The contributions to this special issue show a wide range of approaches to address scales and scale transfer of the observations and concepts. As a means to turn the diversity within hydrological research into an improved understanding of the systems across scales, we suggest placing more emphasis on this topic. We propose to communicate a “scales and scaling statement” with each publication, explicitly addressing the scale of both observations and concepts and consequently the scale transfer, to clarify the support of the transfer and the underlying assumptions, e.g. similar to the previous examples and Fig. 2. This transparency could be understood as an essential and self-critical clarification helping to discuss the support of the conclusions and to achieve joint scientific progress.
Linking landscape organisation and hydrological functioning remains a challenging goal. The complexity originates in the interaction of processes across landscape elements and scales. The individual contributions showed insights into these processes, from point scale to large catchments, from minutes to millennia, and in a range of hydrological subdisciplines. However, we did not advance the overall topic considerably. One reason for this might be the difficulty in combining the results into a meta-analysis, partly due to lack of clarity on hypotheses, sampling design, scales and scaling assumptions.
We propose that significant advances can be achieved when the following points are considered and communicated in an integral manner in future studies:
formulation of specific and testable research hypotheses about hydrological functioning;
elaboration of an appropriate sampling design to address these hypotheses;
provision of all the data and code with each study; and
clarification of scales and the employed method of scale transfer.
Fulfilling these high standards requires additional effort but is rewarded with enhanced quality, comprehension and transferability of the findings. Only then can the specific pieces that individual studies contribute be compiled to the bigger picture.
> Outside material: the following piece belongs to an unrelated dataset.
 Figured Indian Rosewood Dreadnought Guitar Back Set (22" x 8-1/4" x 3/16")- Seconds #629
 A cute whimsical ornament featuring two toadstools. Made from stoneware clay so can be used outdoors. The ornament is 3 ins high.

CJ, SH, TH and LS jointly discussed the contributions to this special issue and wrote the first draft of this preface. TB, HL, HM and PS provided feedback which was incorporated into the final version.
Some authors are members of the editorial board of Hydrology and Earth System Sciences. The peer-review process was guided by an independent editor, and the authors have also no other competing interests to declare.
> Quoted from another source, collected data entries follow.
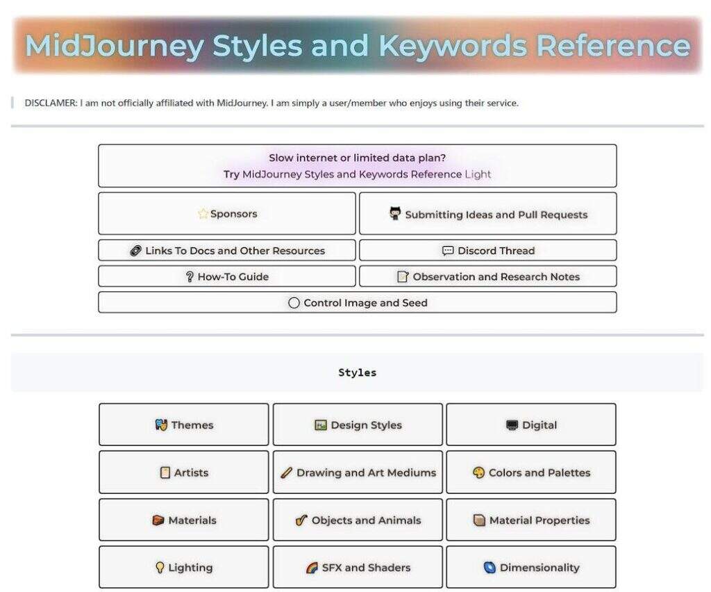 在Midjourney Styles and Keywords Reference这里,你可以学到所有你需要知道的关于生成AI图片的知识。在这里,你将了解到你在生成人工智能图像方面从零到专业所需的一切。
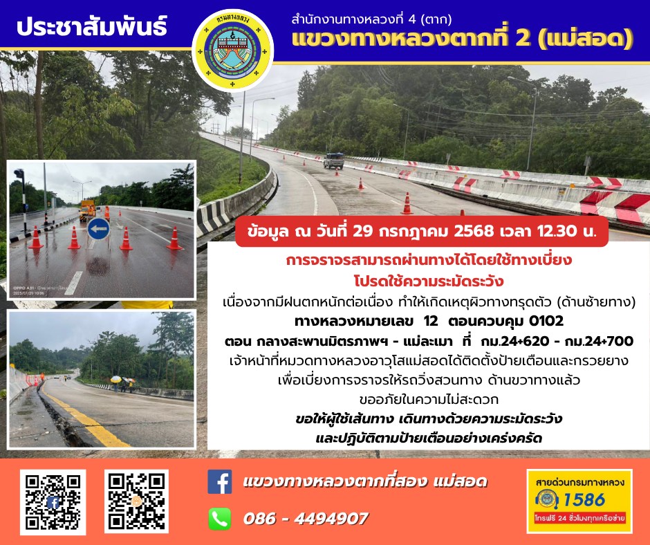 29 ก.ค.2568 แขวงทางหลวงตากที่ 2 (แม่สอด) ได้รับรายงานจากหมวดทางหลวงอาวุโสแม่สอด เนื่องจากมีฝนตกหนักต่อเนื่อง ทำให้เกิดผิวทางทรุดตัว บนทางหลวงหมายเลข 12 ตอนควบคุม 0100 ตอน กลางสะพานมิตรภาพที่แม่สอด (เขตแดนไทย/พม่า) - แม่ละเมา ระหว่าง กม.24+620 - กม.24+700 ส่งผลให้ในขณะนี้เส้นทางดังกล่าวต้องใช้เส้นทางเบี่ยงในการสัญจร
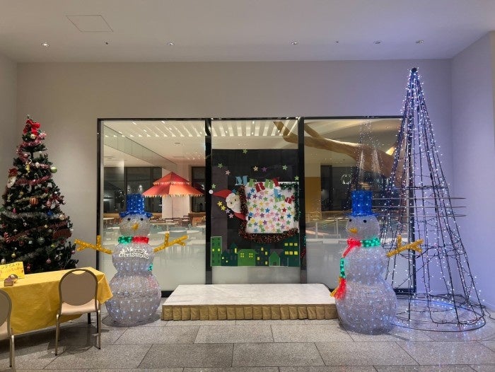 室内では季節ごとに背景が変わり、今回はクリスマスの装飾が飾られています。
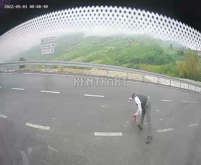 O anları anlatan sürücü İbrahim Aslan, “Kavşaktan dönerken yerde kırmızı bir şey olduğunu hissettim. Onun Türk bayrağı olabileceğini düşündüm.
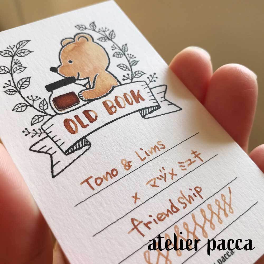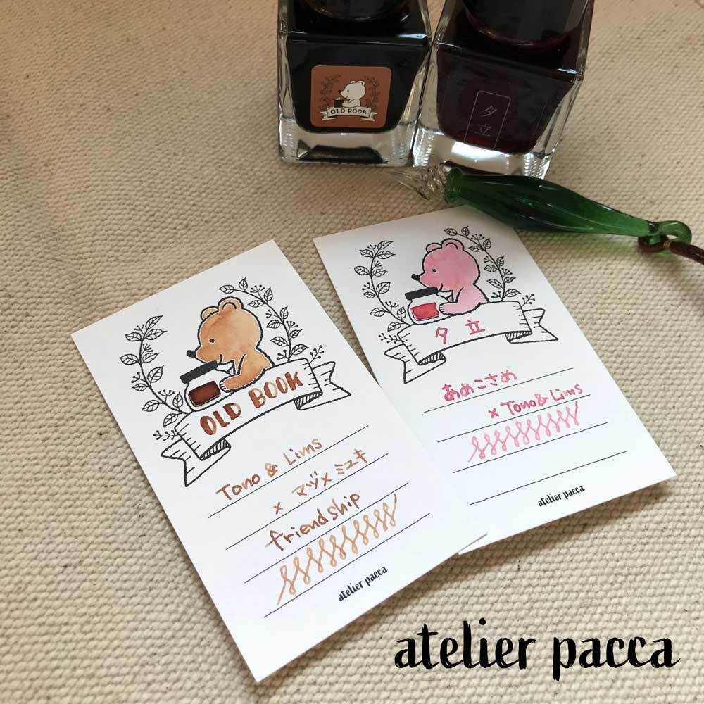 ボトルを抱えるクマさんのイラストをあしらった色見本カードです。
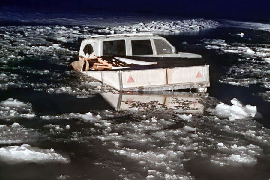 Второй случай произошел на переправе Булус. Водитель смог выйти из автомобиля до того, как он полностью ушел под воду.
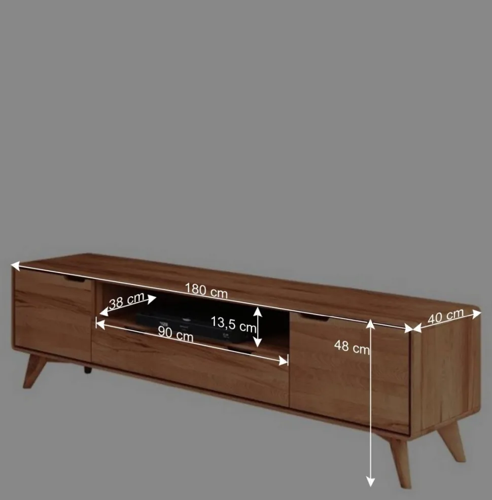 Mit seinen 180 cm Breite, 48 cm Höhe und 40 cm Tiefe ist „Junola I“ perfekt geeignet für Fernseher mit einer Größe von bis zu 75 Zoll. Hinter den beiden Türen verbergen sich geräumige Fächer (BxHxT: je ca. 41x29x38 cm), die viel Platz für Ihr TV-Zubehör bieten. Das offene Gerätefach (Maße: ca. 90×13,5×38 cm) ist ideal für Receiver, DVD-Player oder Spielekonsolen. Eine Aussparung in der Rückwand sorgt für eine ordentliche Kabelführung.
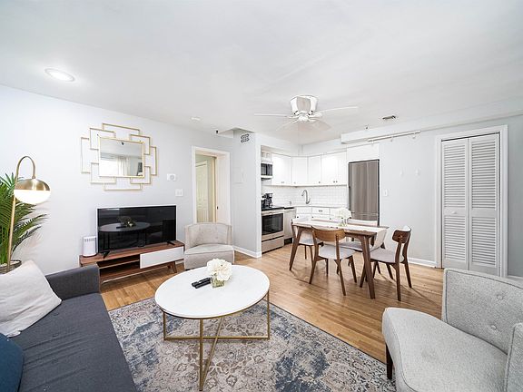 Claim your own elegant oasis on one of the most beautiful tree-lined streets in downtown Hoboken. This 1 Bed / 1 Bath home features a pleasant layout with open kitchen / living room and comfortable bedroom with en-suite bath. The kitchen is highlighted by tasteful white cabinets, subway tile backsplash, and stainless steel appliances; plus hardwood floors throughout. Enjoy the serenity of your private, off-street entrance in a quiet, gated courtyard. With shopping, restaurants, waterfront walkway, and the PATH all just moments away, this convenient and private retreat is perfection.

Publisher's note: Copernicus Publications remains neutral with regard to jurisdictional claims in published maps and institutional affiliations.
This article is part of the special issue “Linking landscape organisation and hydrological functioning: from hypotheses and observations to concepts, models and understanding (HESS/ESSD inter-journal SI)”. It is not associated with a conference.
The special issue was initiated as a result of vibrant discussions within the CAOS research unit (DFG FOR 1598). We thank all the other guest editors who put in their time and effort to make this special issue possible, namely Thom Boogard, Alexander Gelfan, Pierre Gentine, Alberto Guadagnini, Giulio Iovine, Laurent Pfister, Maik Renner, Shraddhanand Shukla, Lixin Wang and Erwin Zehe.